I think you are not getting my argument, but at the same time make a great example that speaks for my argument :slight_smile: So if you don’t mind, I use your array as an example.

The security problem is not about how long drives last. It is how likely it is, that they fail at the same time. Why? If I have trashy SSDs, it does not matter if one fails after 6 months. I replace it, resilver it and get on with my day.
Your RAID array on the other hand consists of extremely old HDDs, all from the same brand.
By using the bath tube curve, failure rate grows with age.
So there will be a point in time, when they will fail closer to each other.
If that point in time is 3y from the start, because they are NAS HDDs or 10y from the start because they are enterprise HDDs does not matter.

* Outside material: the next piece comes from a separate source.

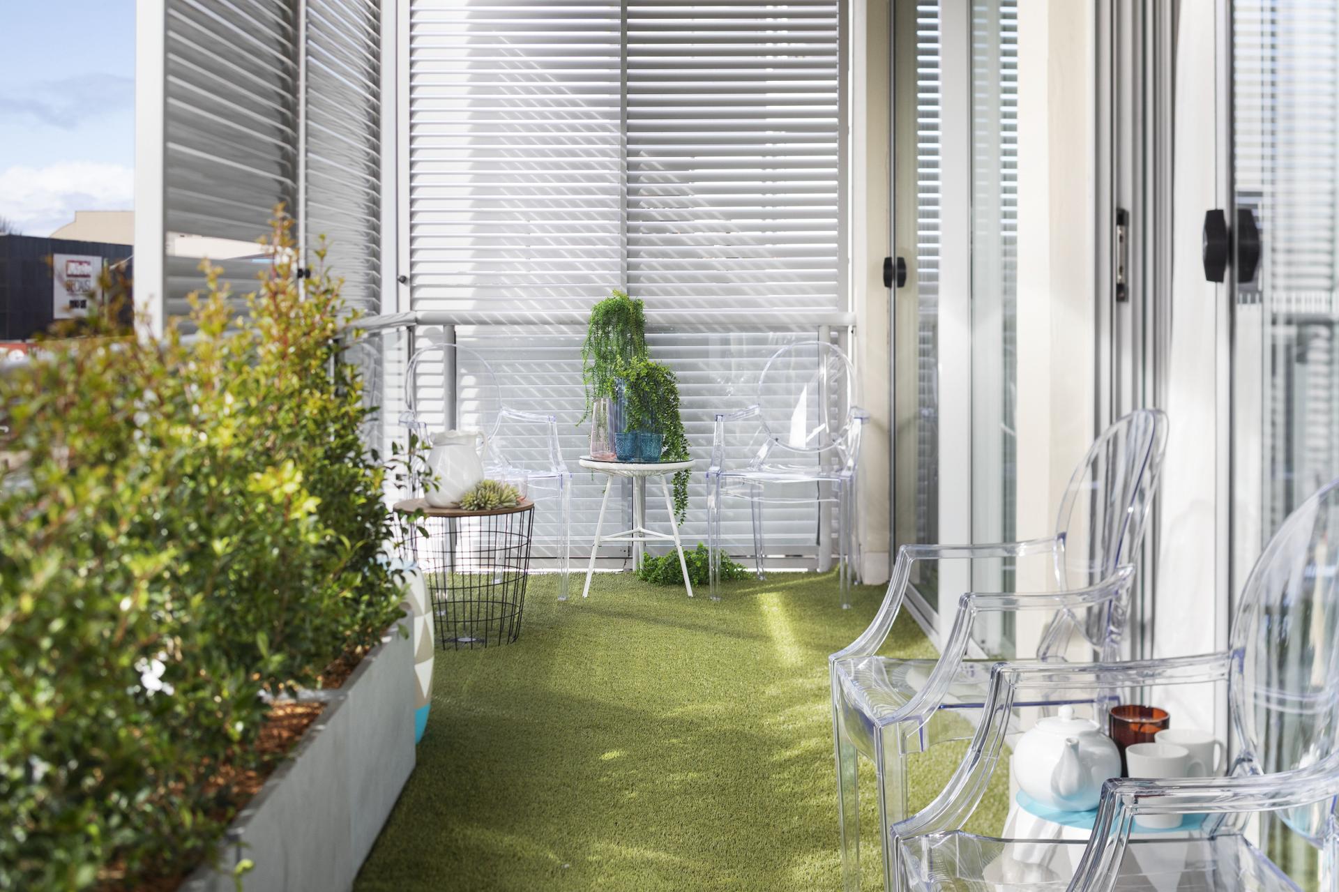 - Open living, full-width glass/balcony
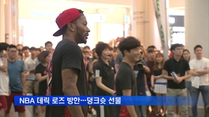 NBA 데릭 로즈 방한…덩크슛 선물 ... 많은 팬으로부터 박수를 받았습니다. 로즈는 이어 국내 초등학교 선수들과는 4대 4 대결을 했고, 가수 제시와 NS윤지, 하하 등 연예인들과도 호흡을 맞추는 등 다양한 팬 서비스로 이목을 끌었습니다. [ 국영호 기자 / iam90... 2016.08.16

That is why IMHO your pool is way more at risk, than my made up mirror with two brands.
For my pool to fail, I would have two drives that by pure accident fail at the same time, despite them being totally different drives with different hardware.
For your pool to fail, only 3 of your 6 drives in a RAIDZ2 vdev need to fail at the same time.

That is another point I try to get across, in a home lab scenario you are less likely to replace drives just because of age. You use them until failure. This makes the risk of simultaneous failure go up with time.

What speaks against my theory, is that you might be able to detect aging drives sooner with ZFS, than in a traditional RAID. It might not fail during the pressure from a resilver, but maybe have checksum errors before. Since I never hade an aging old ZFS pool, I unfortunately can’t tell.

Ok. Just describe it. Like, what was the macOS machine? How has it been connected? Was the backup hourly, daily or weekly? What is this speed? Average? Max? Min? Did you just see it in the activity monitor? Or was it zpool iostat on the truenas side? What was the pool layout? What was SLOG model? Was there any other activity on the nas during the backup?

Etc., and so on.

No, I saw a discussion on GitHub. It was specific to (Open)ZFS.

FWIW, I saw some (klarasystems) articles state that unusually high util or wait on one drive via iostat can indicate pre-failure. One, two.